04/02/2020
I have been working on a new workshop I intend to offer when possible. It will be a Family Heritage Shadowbox/Collage workshop. As a family historian who also offers collage workshops, this sounds like fun to me. I look forward to assisting others in their creation of a shadowbox/collage that portrays one or more of their family members.
Here is an example shadowbox/collage that I recently created, featuring my great-great-aunt, Alice Johnston. The cut-out photo of her is likely her graduation photo. She was a Missouri country girl who grew up to be a newspaper journalist in Chicago and New York City, from 1896 to 1903. This was a time that very few women worked in the newspaper business.
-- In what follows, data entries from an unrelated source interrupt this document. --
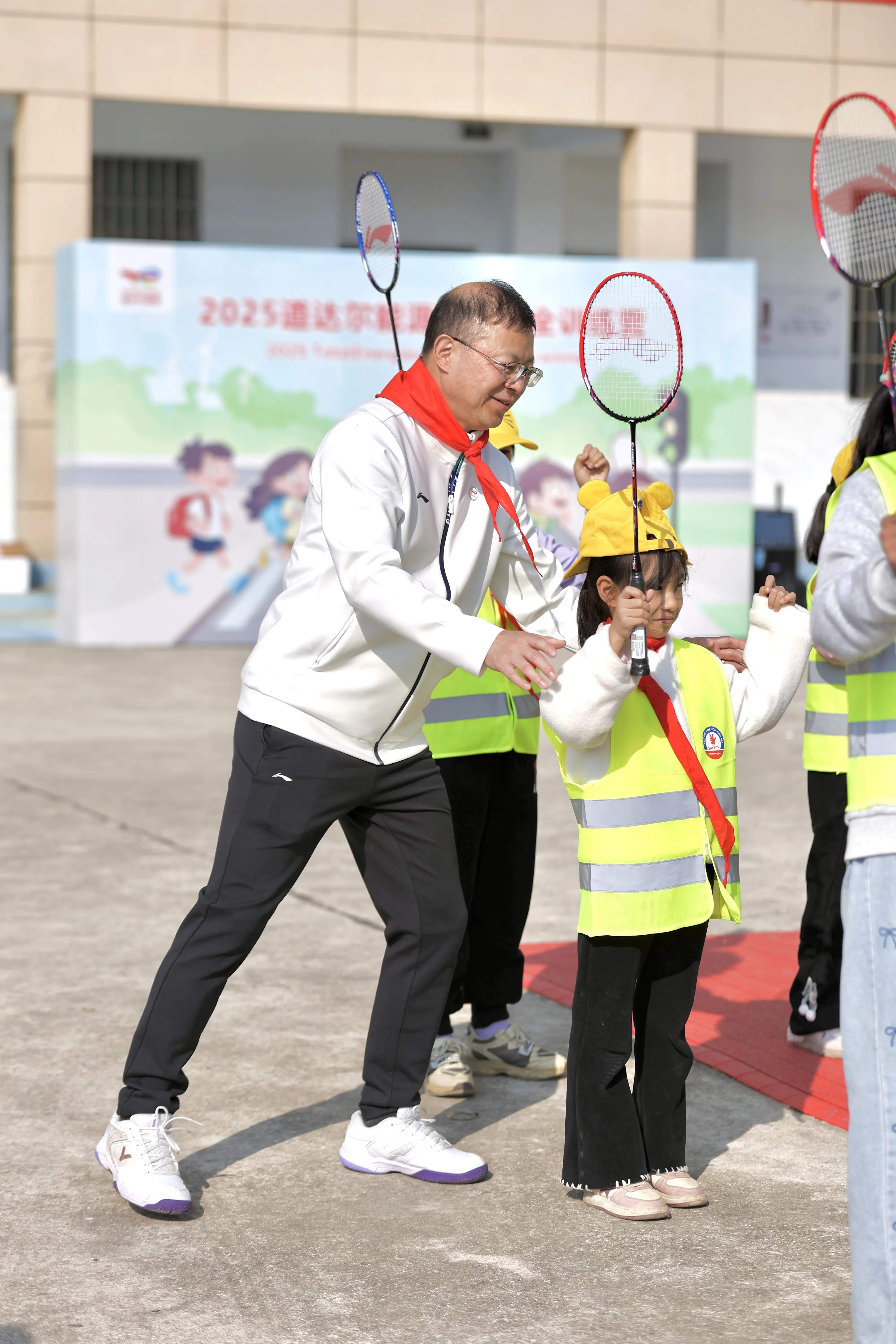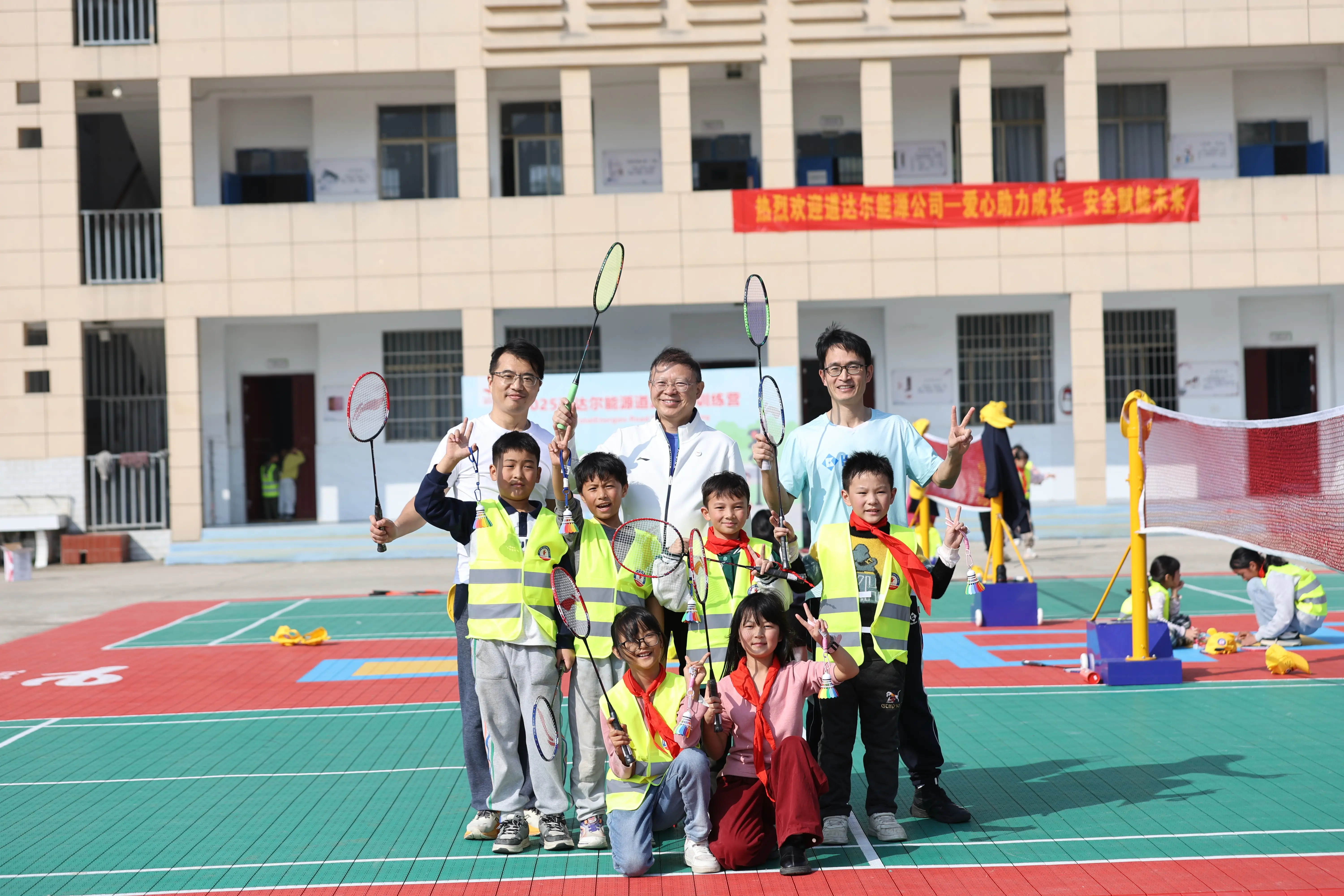 为了鼓励孩子们的羽球梦,训练营特别设置了“羽毛球梦想课”。道达尔能源中国区主席俞永坚先生化身教练,不仅亲自示范握拍、挥拍的标准动作,更一次次俯下身来耐心纠正孩子们的姿势。从基础训练到趣味比赛,专业而温暖的互动让孩子们体验到了运动的乐趣。随后的“羽毛球嘉年华”更是将孩子们的热情点燃。三个年级的代表队在志愿者老师们的带领下,投入击球、接球、传球的团队挑战。孩子们在竞技中学会协作,在运动中感受荣誉。“以后每天都想早点来学校打球,说不定以后能当羽毛球运动员!”一颗颗梦想的种子,正随着每一次挥拍、击球,悄然落入孩子们心灵的土壤中。
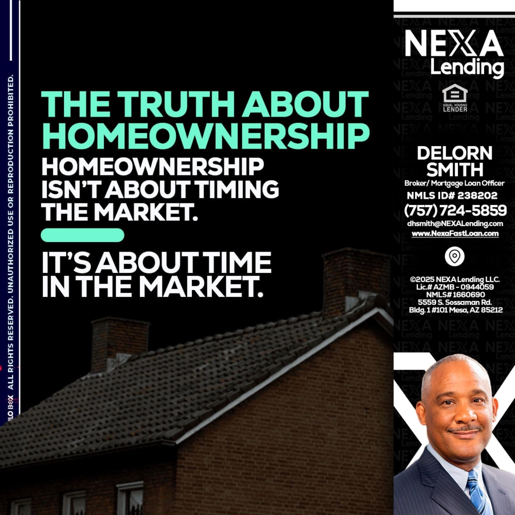 THE TRUTH ABOUT - Delorn Smith -Broker/ Mortgage Loan OfficerHi, my name is Delorn Smith. I’m a Loan Officer with NEXA Mortgage LLC., offering personalized mortgage solutions, fast customized quotes, great rates and service with integrity.
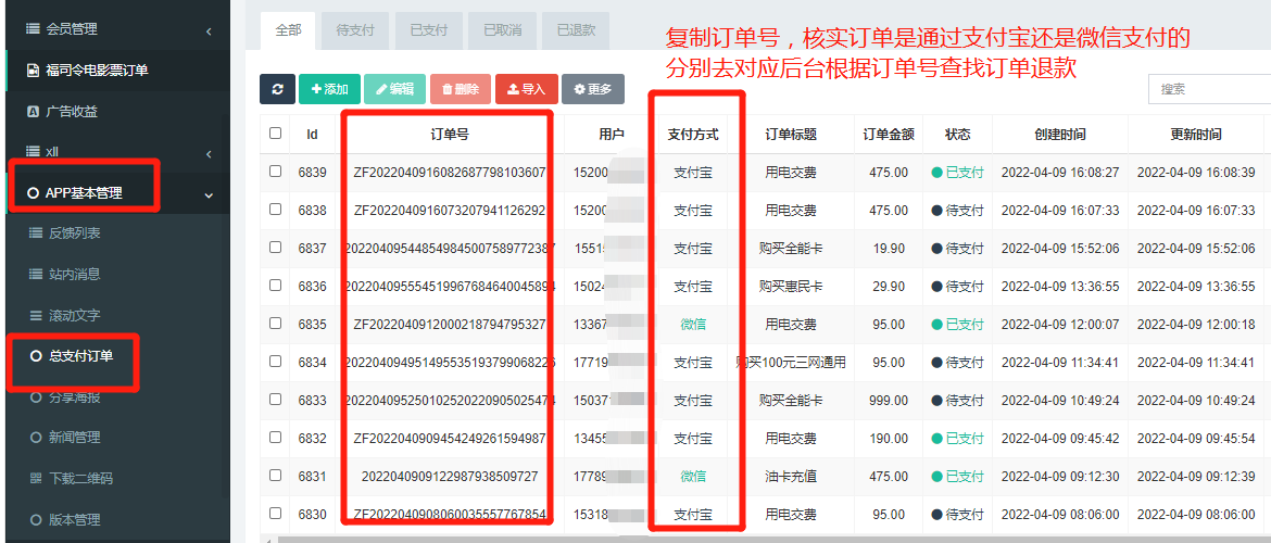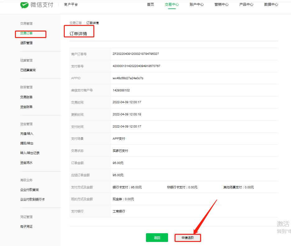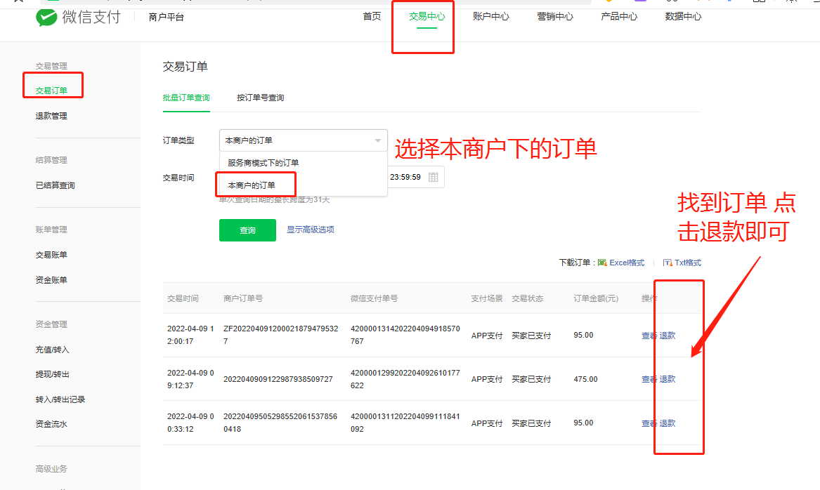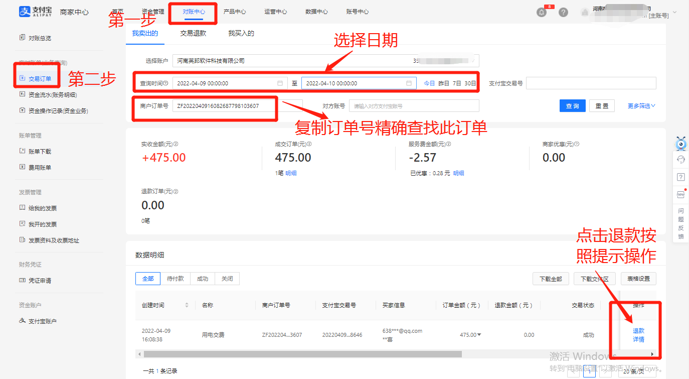 # 客户通过支付宝付款就登录支付宝找到订单,原路退还

Alas, her life was cut short by the scourge of the day, tuberculosis.
She wrote many letters to her father (which I am fortunate to have), and always began them with "Dear Pa". So I've included a photo of him (my greag-great-grandfather, John W. Johnston) along with photos of her mother, brother, and sister. A photo of Alice when she was a newspaper reporter in New York overlays the two major newspapers she worked for.
I have no actual possessions of Alice's, other than her letters. So I found a simple fountain pen that I mounted, and a cutout of an early typewriter that the New York World newsroom used — to represent what she would have used to write with.
Sadly, we've only been able to locate a few of Alice's writings. Older family members have said there was once a trunk full of her writings, but it had been burned because mice had gotten into it. And many newspapers of the day did not give credit to the reporter who had written the story.
The house at the lower right of the green background is where she spent her last three years, in Monett, Missouri. Her sister, Josephine, took care of her through that time, until her passing.
There is much more I could share about Alice... she had a rich and interesting life. I shall do that at a later time.